Un étudiant ayant fréquenté l’université du Kent, épicentre d’une épidémie de méningite bactérienne sans précédent en Angleterre, a été hospitalisé en France dans un état secure, a confirmé le ministère français de la Santé. Le cas a été signalé dans la semaine du 17 mars 2026, alors que le bilan britannique s’alourdit de jour en jour.
34 cas et deux morts en moins de trois semaines
L’épidémie a débuté début mars autour de la boîte de nuit Membership Chemistry, à Canterbury, fréquentée par des étudiants les 5, 6 et 7 mars. Au 21 mars, les autorités sanitaires britanniques recensaient 34 cas — 23 confirmés, 11 en cours d’investigation — et deux décès : une lycéenne de 18 ans scolarisée à la Queen Elizabeth’s Grammar College de Faversham et un étudiant de 21 ans inscrit à l’université du Kent. Des cas ont été identifiés dans deux universités, quatre établissements scolaires du comté du Kent et un établissement londonien.
À lire aussi
Infrastructures sanitaires au Bénin : Le gouvernement muscle le contrôle technique des chantiers
Le ministre britannique de la Santé Wes Streeting a qualifié la state of affairs d’«explosive», un qualificatif rarement utilisé pour décrire une épidémie de méningite localisée au Royaume-Uni. Plus de 6 500 personnes ont reçu un traitement antibiotique préventif. Un programme de vaccination contre le méningocoque B a été lancé pour quelque 5 000 étudiants du campus de Canterbury.
Un décès distinct enregistré dans la Manche
Indépendamment du lobby britannique, une salariée du website nucléaire Orano La Hague, dans la Manche, est décédée le 19 mars à l’hôpital de Cherbourg des suites d’une an infection invasive à méningocoque. La path d’Orano a précisé qu’aucun lien n’est établi avec l’épidémie de Canterbury. Une cinquantaine de cas contacts ont été identifiés parmi ses collègues et placés sous antibiothérapie préventive jusqu’au 29 mars.

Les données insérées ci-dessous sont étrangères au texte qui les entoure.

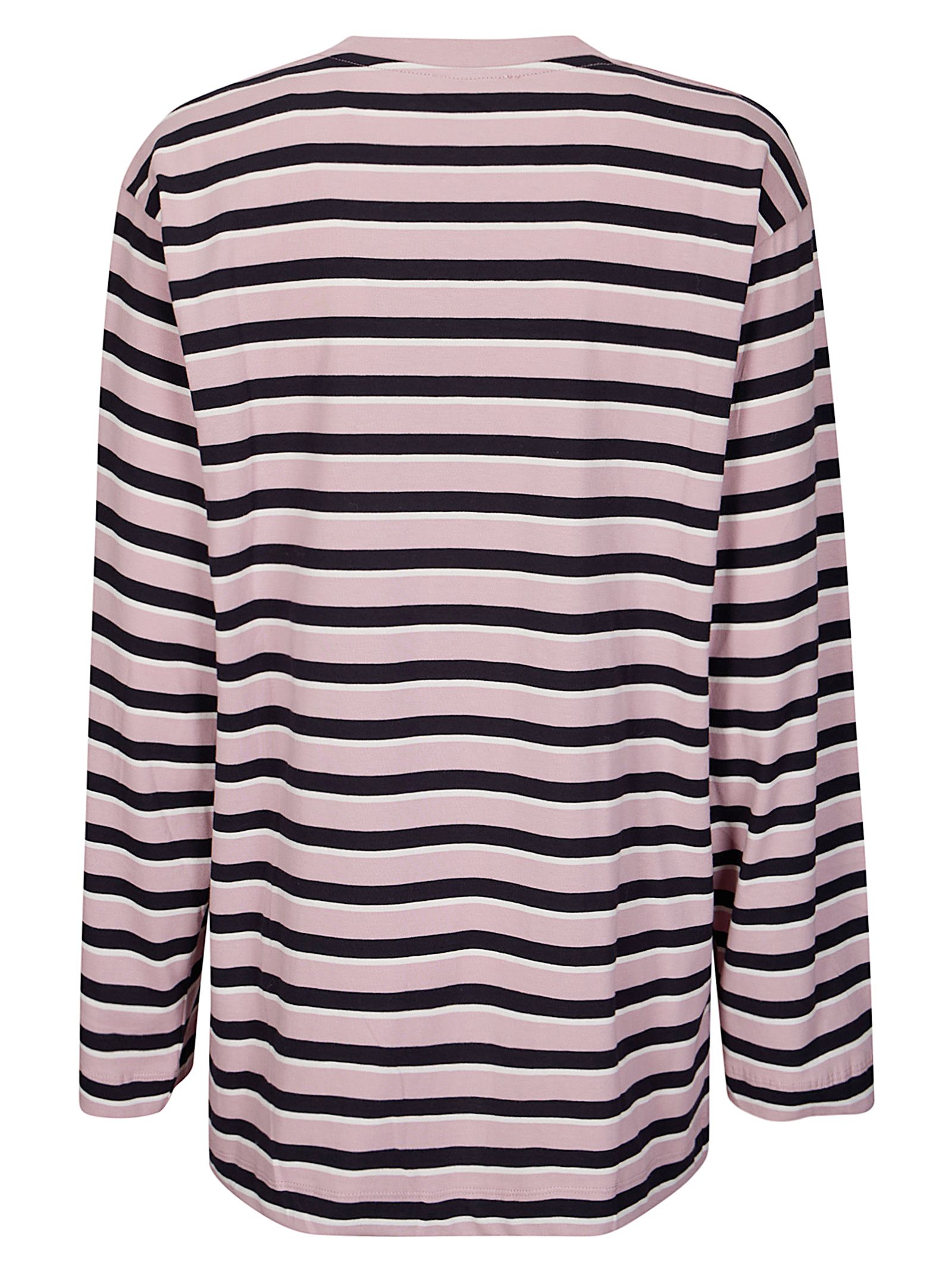 T-shirt girocollo, maniche lunghe, vestibilità ampia, logo stampato sul petto, realizzata in morbido cotone biologico.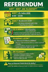Vážení občané, REFERENDUM se nám blíží, již příští pátek 23.1.2026 od 8 do 22h rozhodneme. Proto přinášíme manuál se základními informacemi. Každý hlas je důležitý, přijďte. ????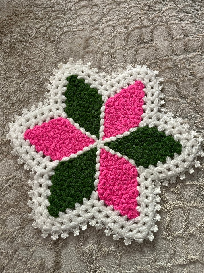Pembe ve yeşil yapraklardan oluşan çiçek motifli, beyaz kenarlıklı el örgüsü Geleneksel dokuma tekniği ile hazırlanmıştır.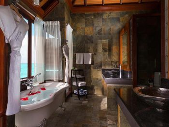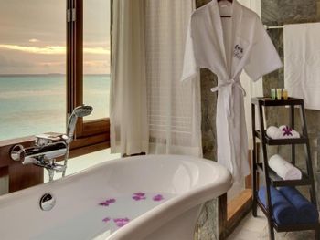 Питание: - Шведский стол однообразный, особенно если оставаться больше чем на несколько дней. - Коктейли не вкусные, напитки — самые обычные. Запахи на территории: - Между островами есть лагуна, откуда доносился неприятный запах, особенно при ветре. - Иногда был даже запах канализации — портил впечатление. Разница в обслуживании на разных островах: - На основном острове (Sunset Beach Pavilion) обслуживание хуже: гостей больше, официанты часто меняются, персонал менее внимательный. Подводный мир: - Рыбки есть, но подводный мир не такой насыщенный, как хотелось бы. Возможно, связано с погодой. Интернет: - Очень слабый (4–8 Мбит), местами полностью пропадал. Разные условия в мини-барах: - В Water Villa: есть Pringles и Coca-Cola Zero. - В Grand Beach Villa и Sunset Beach Pavilion — нет. Мелочь, но чувствуется разница.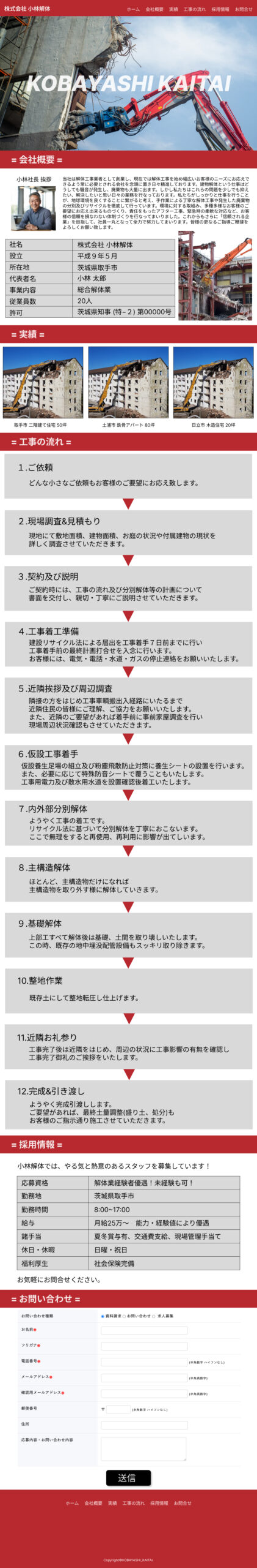 住宅解体業者のHP(デモページ) 投稿日 2024-05-09 更新日 2024-09-17 著者 chobe0517dayo カテゴリー HP URL 株式会社 小林解体chobe0517dayo.wixstudio.io 担当 デザイン・コーディング サイトの目的 会社の認知と集客を想定して作成しました。 使用技術 Figma/WIX デザインについて 同じようなデザインで、HPを作成することが可能です。 コーディングについて 価格を抑えるために、ノーコードツールを使用して作成しました。 pickup

La méningite bactérienne se manifeste par une fièvre brutale, des maux de tête intenses, une raideur de la nuque, une sensibilité à la lumière et, dans les formes sévères, une tache rouge ou violacée sur la peau ne s’effaçant pas sous pression — signe d’un purpura fulminans engageant le pronostic very important en quelques heures. Selon Santé publique France, 616 cas d’infections invasives à méningocoques ont été enregistrés en France en 2024, le niveau le plus élevé depuis 2010, avec 69 décès.
Le vaccin contre le méningocoque B, introduit dans le calendrier vaccinal britannique en 2015, ne couvre pas les générations antérieures — ce qui explique la vulnérabilité des étudiants touchés à Canterbury. En France, sa recommandation reste limitée aux nourrissons depuis 2024, sans rattrapage systématique pour les adolescents et jeunes adultes.
Les autorités sanitaires françaises suivent l’évolution de la state of affairs au Royaume-Uni et n’ont pas exclu de nouvelles recommandations à vacation spot des voyageurs récemment présents dans la région de Canterbury.